SOURCE MATERIAL:

——

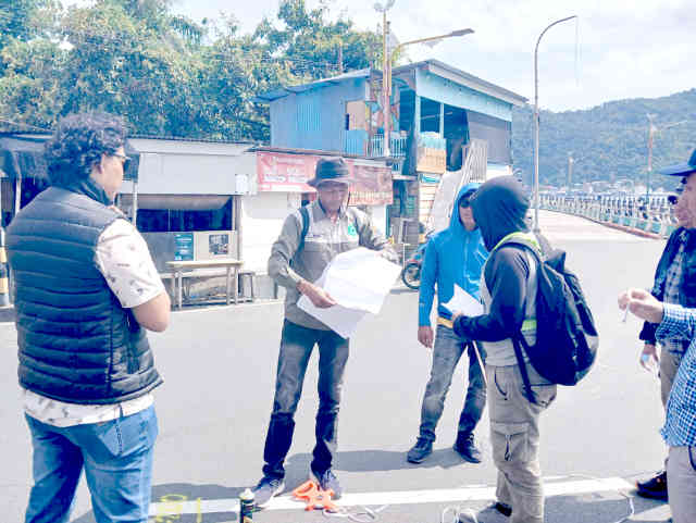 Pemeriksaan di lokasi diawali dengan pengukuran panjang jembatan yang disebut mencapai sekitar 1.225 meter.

——

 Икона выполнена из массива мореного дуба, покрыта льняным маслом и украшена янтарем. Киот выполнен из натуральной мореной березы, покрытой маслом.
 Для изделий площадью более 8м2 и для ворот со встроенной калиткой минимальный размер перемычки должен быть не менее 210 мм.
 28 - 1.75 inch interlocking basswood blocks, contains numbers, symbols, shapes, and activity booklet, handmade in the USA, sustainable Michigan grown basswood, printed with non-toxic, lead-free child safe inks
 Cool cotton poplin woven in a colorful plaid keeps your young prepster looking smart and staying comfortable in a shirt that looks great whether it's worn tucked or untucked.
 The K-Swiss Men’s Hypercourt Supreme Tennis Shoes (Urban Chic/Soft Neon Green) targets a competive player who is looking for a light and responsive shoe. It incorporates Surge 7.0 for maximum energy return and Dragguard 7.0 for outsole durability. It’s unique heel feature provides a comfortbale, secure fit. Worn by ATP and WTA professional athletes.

——

HOW TO COMPLETE THIS TASK: Copy out the range of lines above starting at the line with "Cool cotton poplin" and ending at the line with "The K-Swiss Men’s", exactly and including both.

EXERCISE OUTPUT:
 Cool cotton poplin woven in a colorful plaid keeps your young prepster looking smart and staying comfortable in a shirt that looks great whether it's worn tucked or untucked.
 The K-Swiss Men’s Hypercourt Supreme Tennis Shoes (Urban Chic/Soft Neon Green) targets a competive player who is looking for a light and responsive shoe. It incorporates Surge 7.0 for maximum energy return and Dragguard 7.0 for outsole durability. It’s unique heel feature provides a comfortbale, secure fit. Worn by ATP and WTA professional athletes.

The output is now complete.